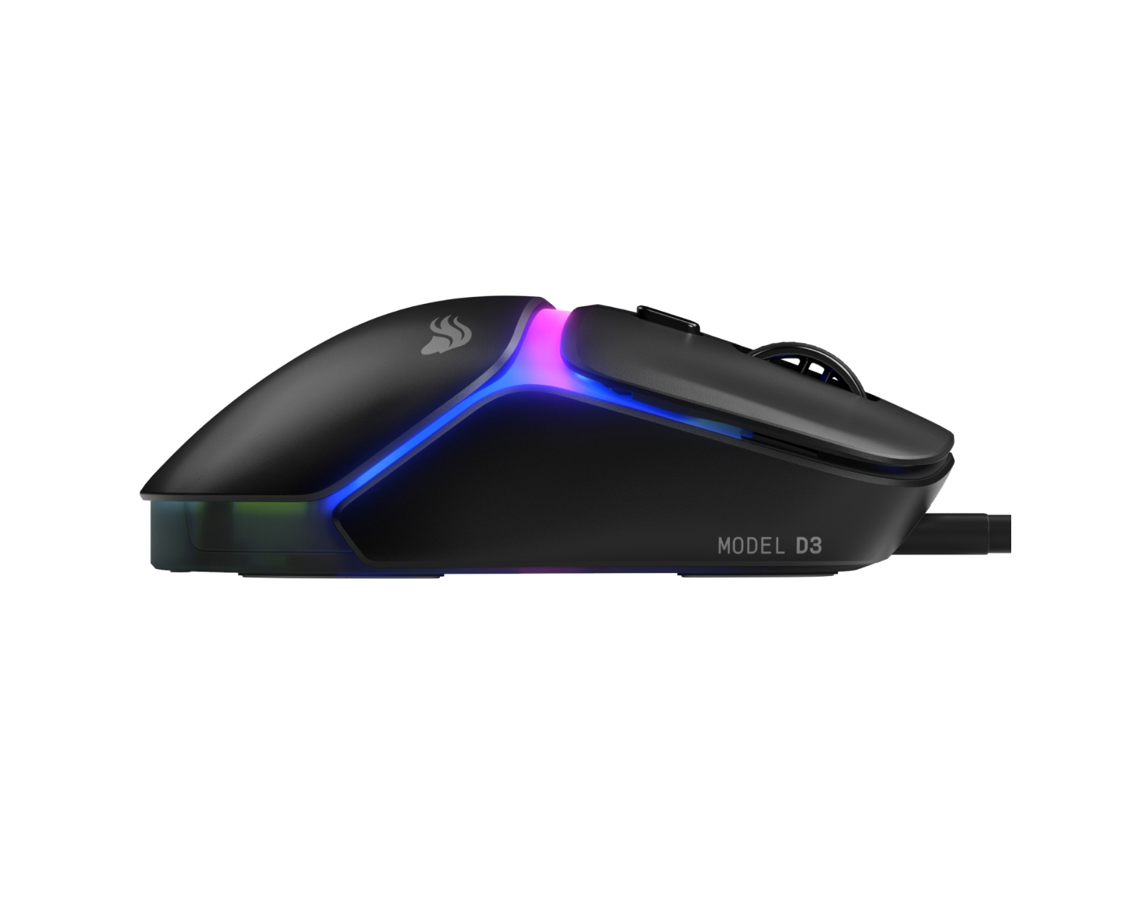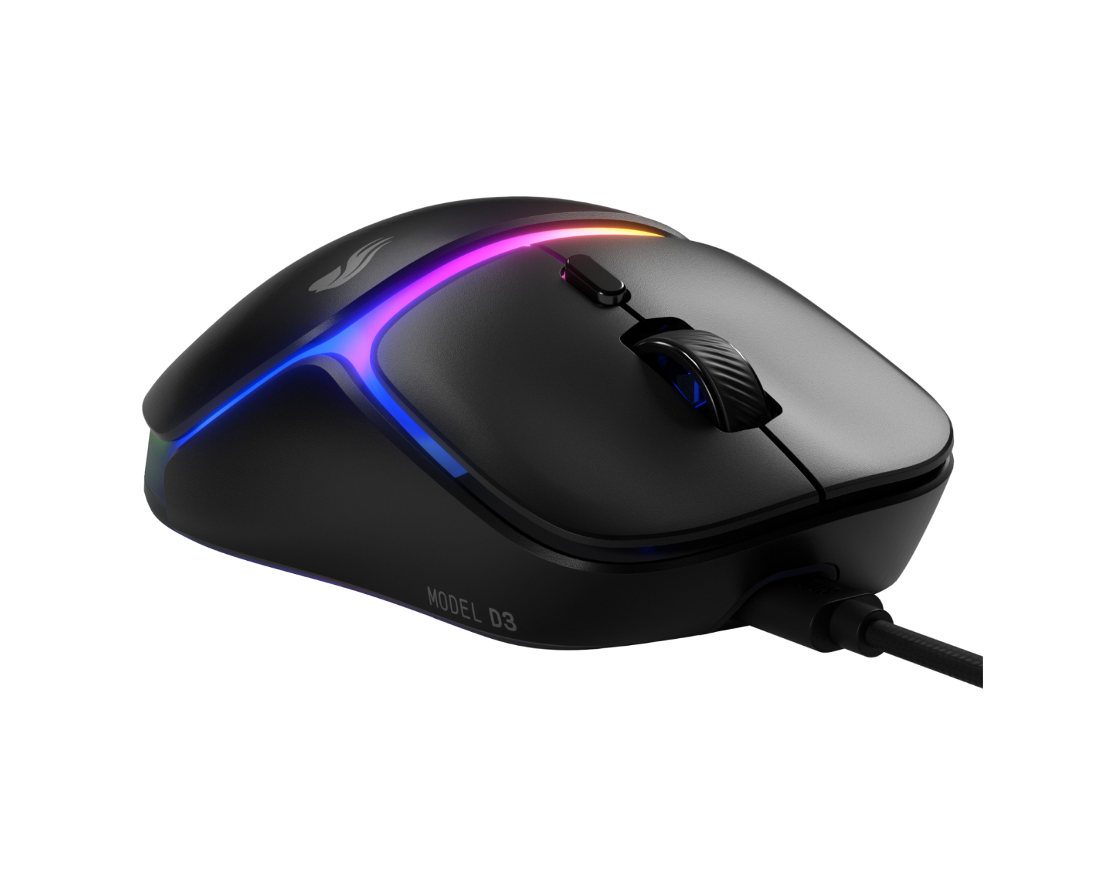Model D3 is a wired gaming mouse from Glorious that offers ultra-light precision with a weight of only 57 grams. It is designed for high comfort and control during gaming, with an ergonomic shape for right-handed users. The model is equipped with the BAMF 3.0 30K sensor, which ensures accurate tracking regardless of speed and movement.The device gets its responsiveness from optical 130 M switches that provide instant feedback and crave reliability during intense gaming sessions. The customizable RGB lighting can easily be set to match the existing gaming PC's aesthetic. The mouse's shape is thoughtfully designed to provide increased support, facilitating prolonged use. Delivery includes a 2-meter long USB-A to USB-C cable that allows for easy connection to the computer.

---

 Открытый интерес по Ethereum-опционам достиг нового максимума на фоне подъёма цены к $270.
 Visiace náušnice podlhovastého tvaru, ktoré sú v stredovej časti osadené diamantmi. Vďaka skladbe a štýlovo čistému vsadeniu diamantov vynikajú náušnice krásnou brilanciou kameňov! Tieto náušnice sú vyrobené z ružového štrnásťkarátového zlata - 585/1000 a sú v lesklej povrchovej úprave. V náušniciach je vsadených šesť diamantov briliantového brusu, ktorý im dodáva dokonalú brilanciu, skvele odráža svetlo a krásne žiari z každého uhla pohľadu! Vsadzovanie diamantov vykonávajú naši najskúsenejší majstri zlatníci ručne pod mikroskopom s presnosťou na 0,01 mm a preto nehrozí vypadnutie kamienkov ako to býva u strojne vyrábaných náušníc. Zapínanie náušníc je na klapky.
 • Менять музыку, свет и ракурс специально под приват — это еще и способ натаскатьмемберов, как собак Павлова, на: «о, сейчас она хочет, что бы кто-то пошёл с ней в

[YOUR GOAL] Using only the entries above, output the line with "Открытый интерес по", the line with "пошёл с ней в", and all lines between them, exactly as they stand.

[ANSWER SECTION]
 Открытый интерес по Ethereum-опционам достиг нового максимума на фоне подъёма цены к $270.
 Visiace náušnice podlhovastého tvaru, ktoré sú v stredovej časti osadené diamantmi. Vďaka skladbe a štýlovo čistému vsadeniu diamantov vynikajú náušnice krásnou brilanciou kameňov! Tieto náušnice sú vyrobené z ružového štrnásťkarátového zlata - 585/1000 a sú v lesklej povrchovej úprave. V náušniciach je vsadených šesť diamantov briliantového brusu, ktorý im dodáva dokonalú brilanciu, skvele odráža svetlo a krásne žiari z každého uhla pohľadu! Vsadzovanie diamantov vykonávajú naši najskúsenejší majstri zlatníci ručne pod mikroskopom s presnosťou na 0,01 mm a preto nehrozí vypadnutie kamienkov ako to býva u strojne vyrábaných náušníc. Zapínanie náušníc je na klapky.
 • Менять музыку, свет и ракурс специально под приват — это еще и способ натаскатьмемберов, как собак Павлова, на: «о, сейчас она хочет, что бы кто-то пошёл с ней в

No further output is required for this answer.